Stuck in Place: Urban Neighborhoods and the End of Progress by Patrick Sharkey

By Patrick Sharkey

Within the Nineteen Sixties, many believed that the civil rights movement’s successes may foster a brand new period of racial equality in the USA. 4 many years later, the measure of racial inequality has slightly replaced. to appreciate what went flawed, Patrick Sharkey argues that we've got to appreciate what has occurred to African American groups during the last a number of many years. In Stuck in Place, Sharkey describes how political judgements and social guidelines have ended in serious disinvestment from black neighborhoods, chronic segregation, declining fiscal possibilities, and a growing to be hyperlink among African American groups and the felony justice system.
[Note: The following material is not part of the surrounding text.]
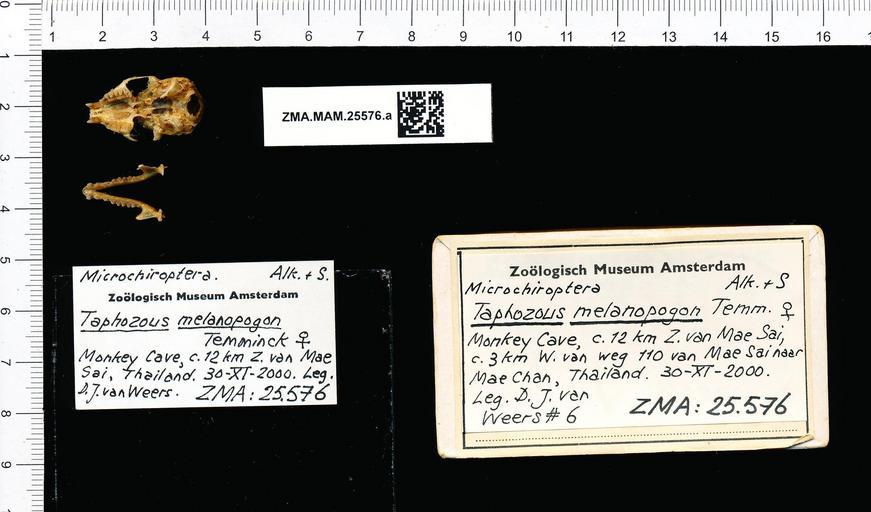 | Keywords: Naturalis Biodiversity Center - ZMA.MAM.25576.a pal - Taphozous melanopogon - skull.jpeg artwork Dimensions artwork Document type Taphozous Individual count 1 Infraspecific epithet Infraspecific rank Institution Naturalis Kind of unit artwork Kind of unit specimen skull Life stage Monkey Cave c 12 km z van Mae Sai c 3 km w van weg 110 van Mae Sai nar Mae Chan Thailand Medium artwork Nomenclatural code Occurrence ID page Other fields Other versions artwork Permission license Naturalis donation CC-0 Publication location Scientific name Taphozous melanopogon Scientific name authorship female Source url http //bioportal naturalis nl Specific epithet melanopogon State or province Subject keywords artwork Subject keywords publication Title artwork Title publication Type status Uploaded with GWToolset Naturalis_Biodiversity_Center_-_ZMA MAM 25576 a_pal_-_Taphozous_melanopogon_-_skull http //medialib naturalis nl/file/id/ZMA MAM 25576 a_pal/format/large Mammals at Naturalis from the Zoölogisch Museum Amsterdam Media donated by Naturalis Biodiversity Center Taphozous melanopogon Taphozous |

As a consequence, local inequality that existed within the Nineteen Seventies has been handed all the way down to the present new release of African americans. the most chronic varieties of racial inequality, comparable to gaps in source of revenue and try out ratings, can merely be defined via contemplating the neighborhoods within which black and white households have lived over a number of generations. This multigenerational nature of local inequality additionally implies that a brand new type of city coverage is important for our nation’s towns. Sharkey argues for city rules that experience the capability to create transformative and sustained alterations in city groups and the households that dwell inside them, and he outlines a sturdy city coverage schedule to maneuver in that course.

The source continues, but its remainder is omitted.